### Work request
From the records below, give the number of lines that include the word "disciples". Add no other words.

Data extracted from a collection:
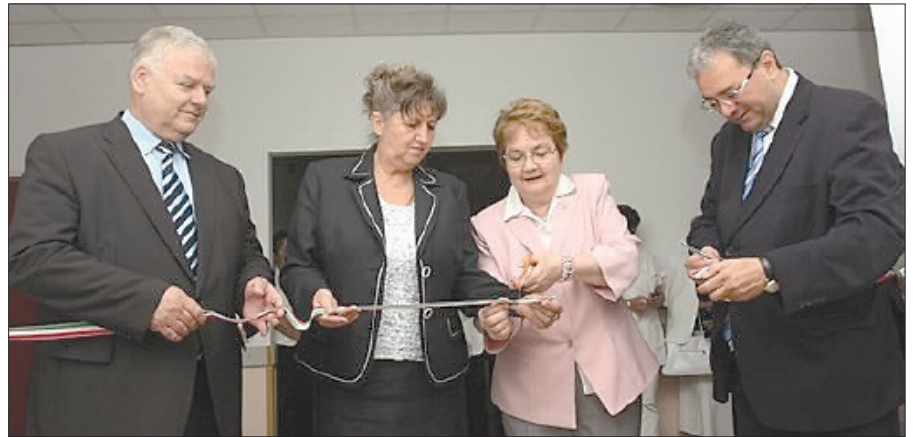
Az osztály hivatalos átadása 2011. június 29-én volt

Az összesen 1014 négyzetméteres és a legkorszerűbb orvosi műszerekkel felszerelt osztály építészeti kiadásai – melybe beletartozott a helikopterleszálló korszerűsítése is – 110 millió forintba kerültek. A fennmaradó összeget eszközbeszerzésre (EKG, defibrillátor, mobil ultrahang, mobil RTG, lélegeztetőgép, altatógép stb.) fordították.
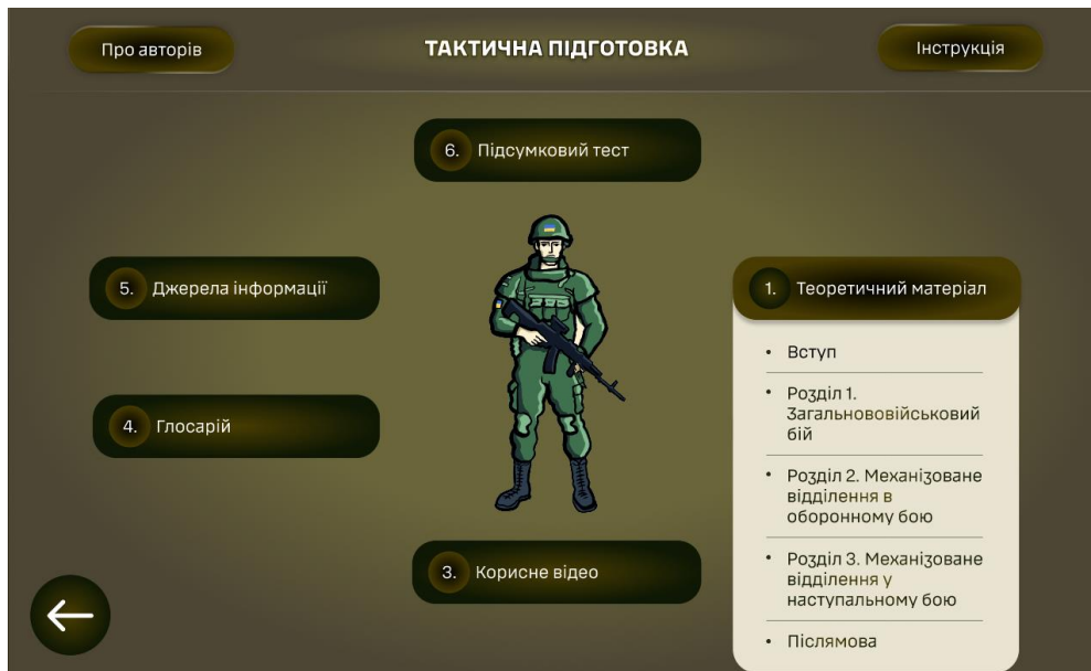
Рисунок 2 – Головний екран з розгорнутим меню теоретичного матеріалу

На сторінках (екранах) розділів у логічній послідовності збалансовано поєднана текстова, графічна (jpg) та відео (mp4)-тематична інформація (рис. 3).
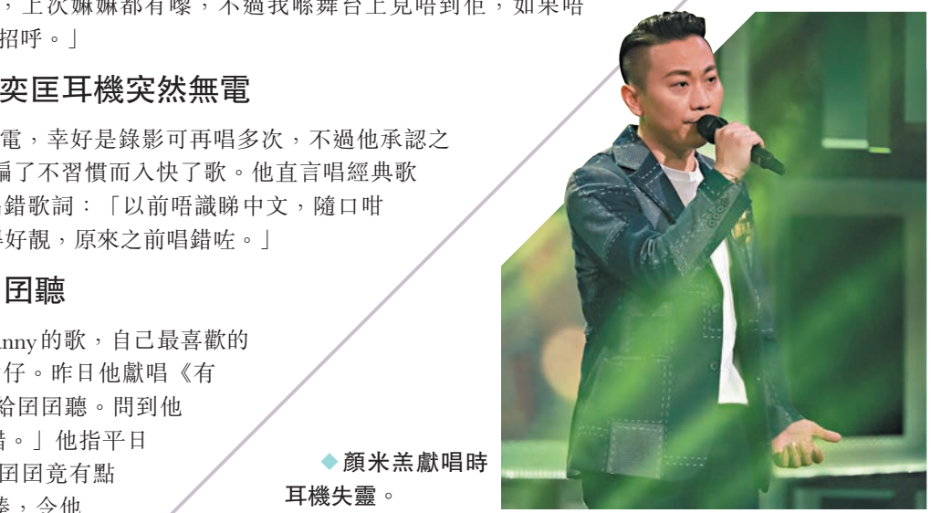
◆顏米羔獻唱時 耳機失靈。
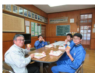
3年生との美味しい給食をいただきました
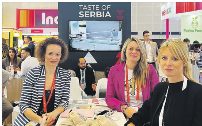
Успешно представљање у Дубају

Да би пловидба гондолом била занимљивија, запослени у ЈП „Голд гондола Златибор“ труде се да сваке сезоне гостима понуде нешто ново, па се ту нашла и атрактивна услуга бранча у ваздуху – традиционални златиборски оброк који се служи у кабинама. У њему су се нашли главни специјалитети овог краја, попут пршуте, сланине, чварака, сира и домаће пите који се служе уз домаћу ракијицу, сокове и воду. Идеја за ову иновацију била је промоција локалног предузетништва и очување локалне културе и традиције у споју са возњом најдужом гондолом на свету, што је путницима пружио доживљај Златибора свим чулима. Није заборављена ни љубав као мотив излета, па је понуда допуњена „романтичним путовањем“ у специјално деко-
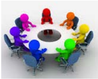
L'Association des implantés cochléaires du Québec

De nombreux professionnels sont amenés à intervenir auprès de vous et de vos enfants!
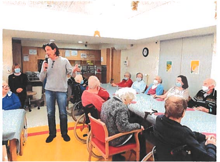
Les présidents du C.V.S. et de l'association ' Les Amis de la Clairie ' étaient conviés à ce moment festif.
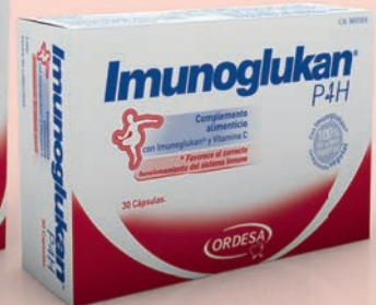
30 CÁPSULAS CN 161318.9
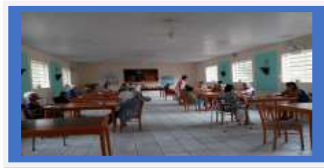
Dia:06 Atividade Lúdica Jogo Lúdico
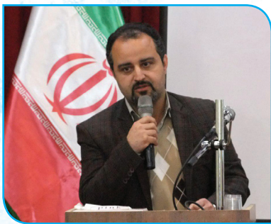
برنامه راهبردی مرکز آموزش عالی کاشمر، رفتن به سمت دانشگاه کارآفرین است.

آموزش عالی کاشمر نیز در سخنانی با تبریک پذیرش دانشجویان ورودی جدید بر رعایت نکات آموزشی و انضباطی از سوی آنان تاکید و ابراز امیدواری نمود؛ با حمایت های دانشگاه و همکاری دانشجویان بتوان برای توسعه و تعالی دانشگاه و ارتقا دانشجویان برنامه ریزی کرد.
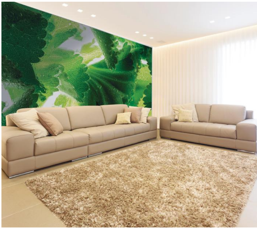
ADREA ADMG alchemille
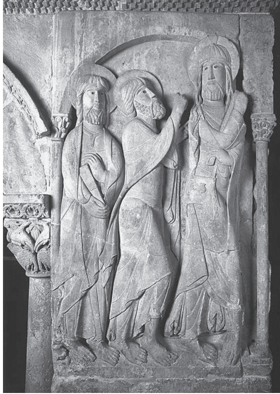
FIG. 1. – La marche des disciples d'Emmaüs à la suite du Christ. San Domingo de Silos, haut-relief d'un pilier du cloître, première moitié du XII e siècle.

a, pour la première fois peut-être sous une forme aussi imposante, saisi dans cette figure offerte aux regards des moines l'image que les commentateurs des évangiles avaient les premiers suggérée dans leurs explications minutieuses de la rencontre entre Jésus ressuscité et deux de ses disciples – Cléophas, et peut-être Luc 2 –, sur le chemin d'Emmaüs. Il était apparu à leurs yeux, observaient-ils, in specie peregrini 3 . Faut-il traduire : sous l'apparence d'un « pèlerin »,
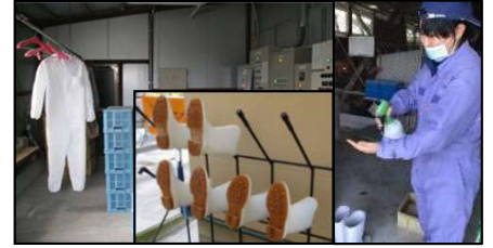
専用の服や靴の使用、手指消毒
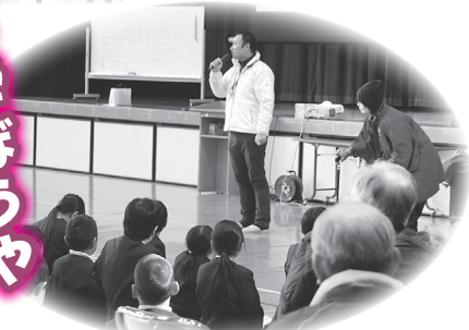
▲認知症について教えていただきました
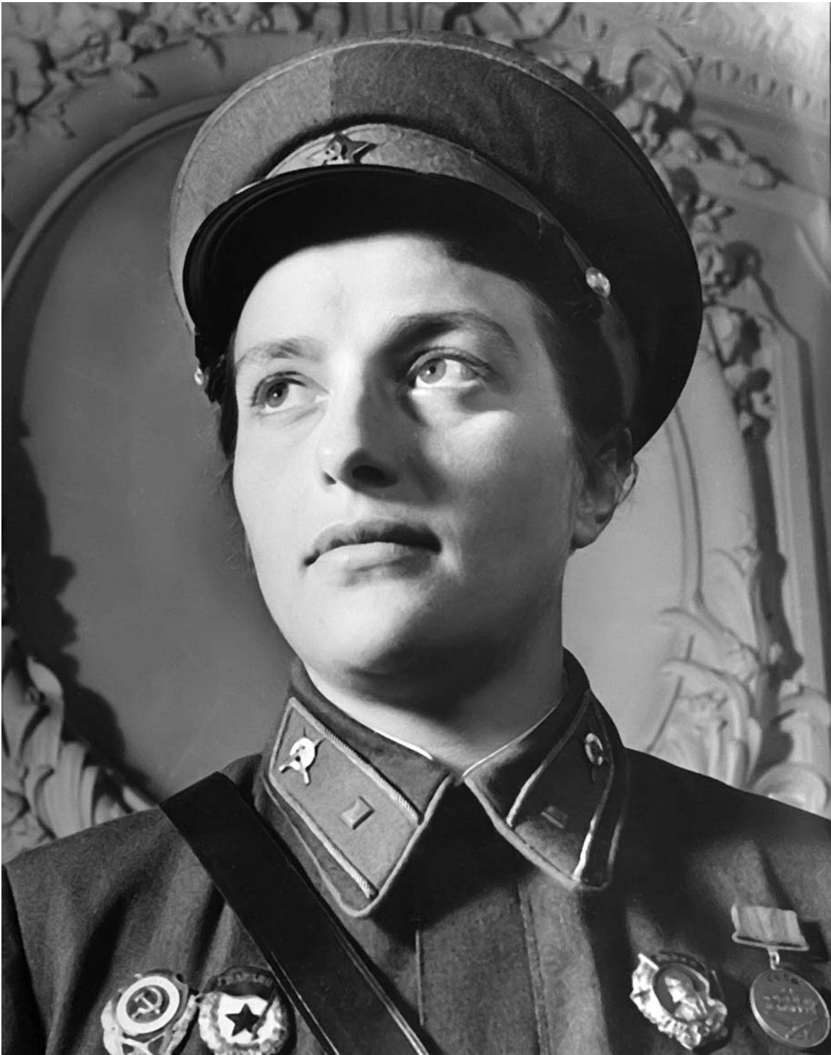
Снайпер Людмила Павличенко
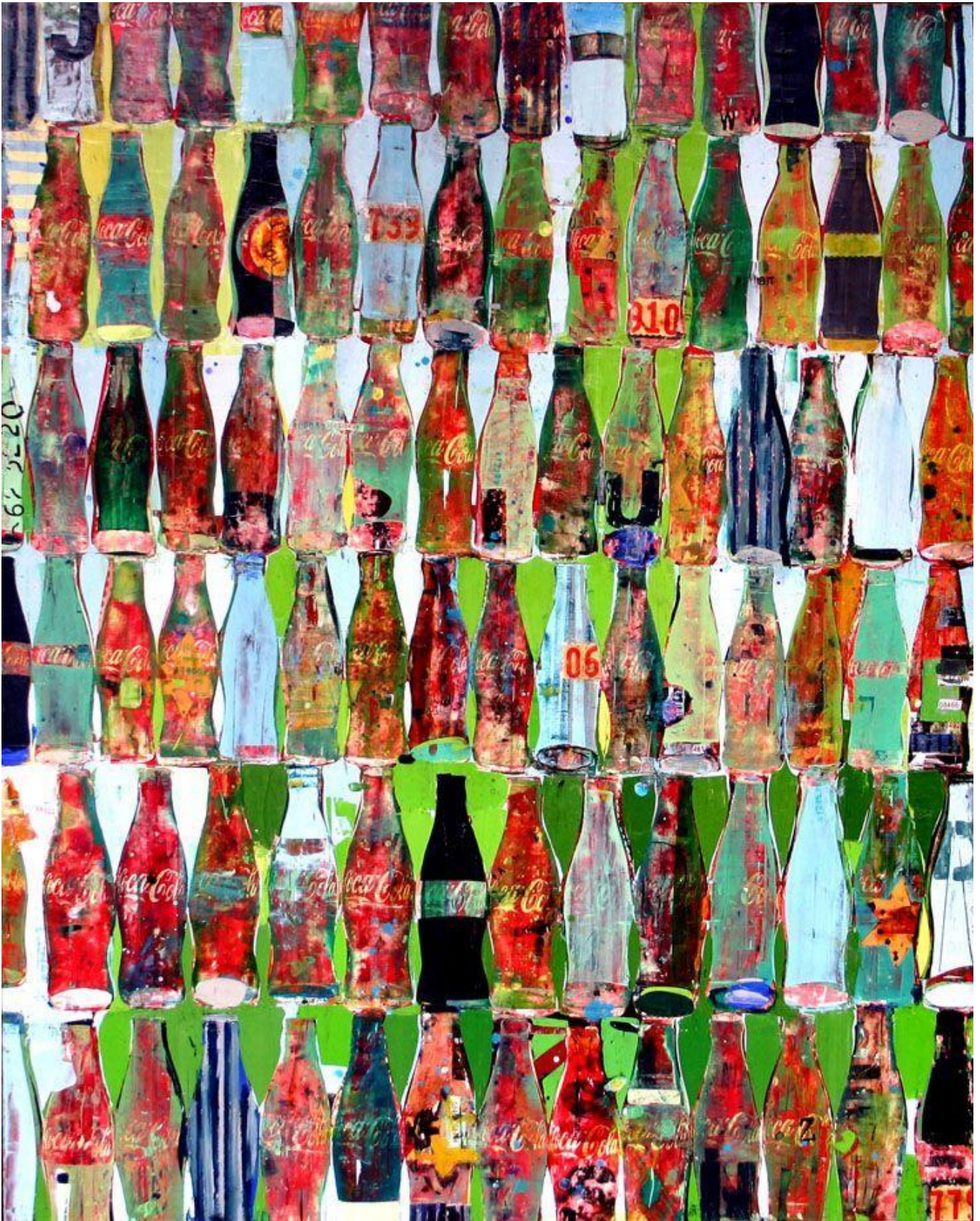
K. Frohsin, Cokework.

L'analisi della presenza e diffusione della Coca Cola nella DDR, non tanto e solo della bibita, quanto dell'oggetto simbolo, in uno dei saggi contenuti nel libro
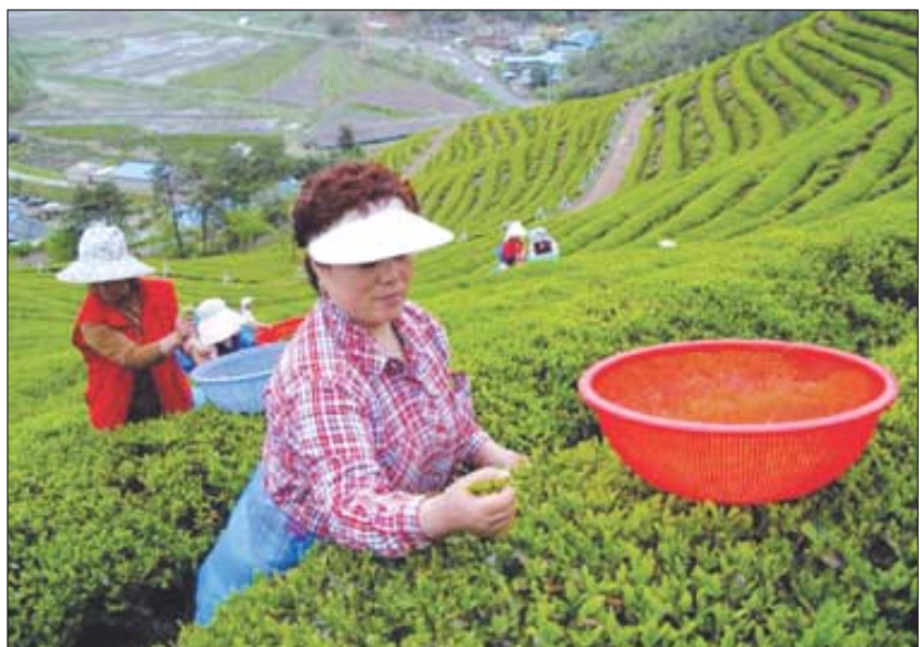
울 봄에는 보드라운 첫잎을 따서 '나만의 차'를 만들어 보는것은 어떨까?

가족과 함께 봄나들이 가기 좋은 때다. 4월 20일 곡우를 앞두고 한창 새싹을 내미는 차밭을 거닐어 보거나 가족, 연인과 함께 첫잎을 따서 차를 만들어 보는 건 어떨까? 직접 딴 차는 그 어떤 '명품 차'도 흉내낼 수 없는 맛과 향을 선사할 것이다. 차밭기행과 제다체험을 해볼 수 있는 곳을 소개한다.
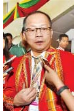
ဒေါက်တာဆလောင်းဌာနကျုံးလျနီ
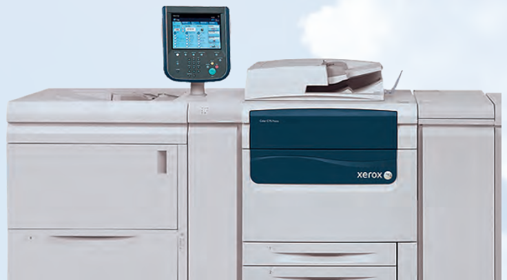
In Hilfarth werden die Kleinauflagen auf einer Xerox-Digitaldruckmaschine gedruckt.

Nach der Umfirmierung in Medienpartner Mäurer GmbH und dem Umzug nach Hilfarth im Jahr 2009, bietet unser Unternehmen neben dem Digitaldruck für Broschüren und Familiendruck-sachen auch Poster, Plakate, Fahnen, Schaufensterbeschriftung, Banner und T-Shirt-Druck an.
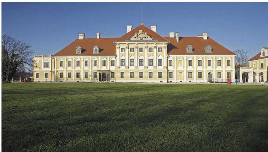
Slika 1 Dvorac Eltz u Vukovaru
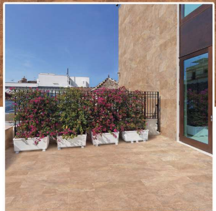
Wall Tile & Floor Tile : Vermont Beige 21 x 56 cm
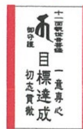
赤：目標達成 向上心アップ
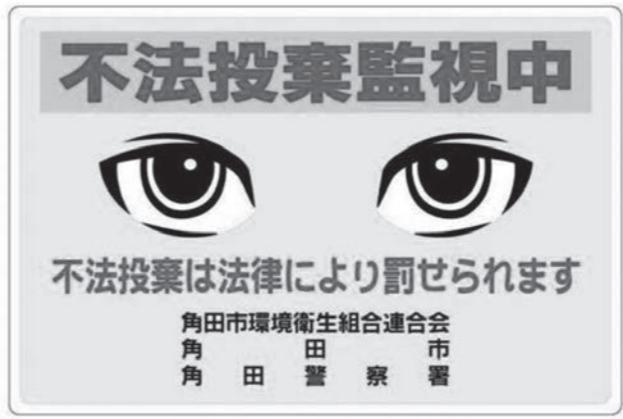
▲不法投棄防止看板(平成26年度 130枚設置)

「看板等の増設を含めた広報の周知徹底」、「仙南地域広域行政事務組合に対する負担金の減額分やダンボール等の売り払い収入等市民が努力した分は、ごみ分別や不法投棄対策として予算化」、「市独自の不法投棄者の摘発方法」、「罰則を含めた条例制定」の検討を要望します。
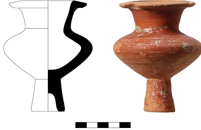
Şekil 1. Katalog 1: Bilecik Müzesi A.602 (Çizim ve fotoğraf H. Erpehlivan)
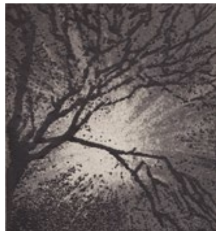
JE: Ilustrace v knize Jana Eyrová Charlotty Brontëové – Strom
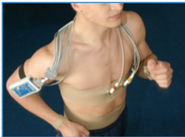
Проведение нагрузочного тестирования на тредмилле с использованием многоразовых ЭКГ-электродов, закрепленных резиновыми лентами
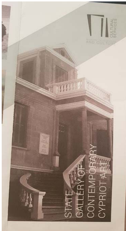
Εικ. 5 Ενημερωτικό έντυπο Κρατικής Πινακοθήκης Λευκωσίας
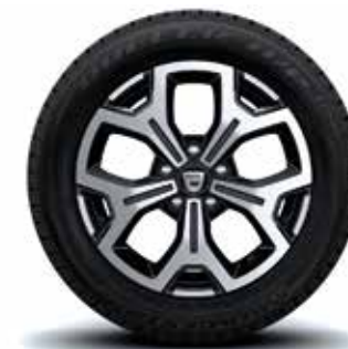
JANTE 17" MALDIVE
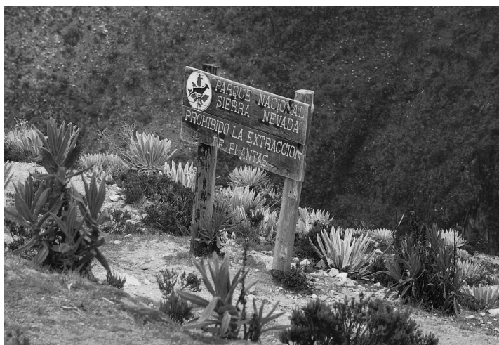
2. ábra A Sierra Nevada Nemzeti Park határát hirdető tábla, háttérben a „meridai páramo” növényzetével, Venezuela

Természeti kincsei ellenére a menedék komoly veszélyben van az invazív növények miatt. A gyorsan növő széleslevelű papírkéreg ( Melaleuca quinquenervia ) és az Óvilági kúszó páfrány ( Lygodium microphyllum ) gyorsan fölé nő a helyi flórának és láthatóan nem kompatibilis az őshonos állatvilággal. A jelenség sajnos egyre szélesebb körben ismert a védett területeken. Az emberi túlhasználat ellen talán segít, hogy a terület nagy része állandóan víz alatt van vagy mocsaras, és a fele nagyközönség számára nem látogatható (HTTP5).

### Solution to the exercise
2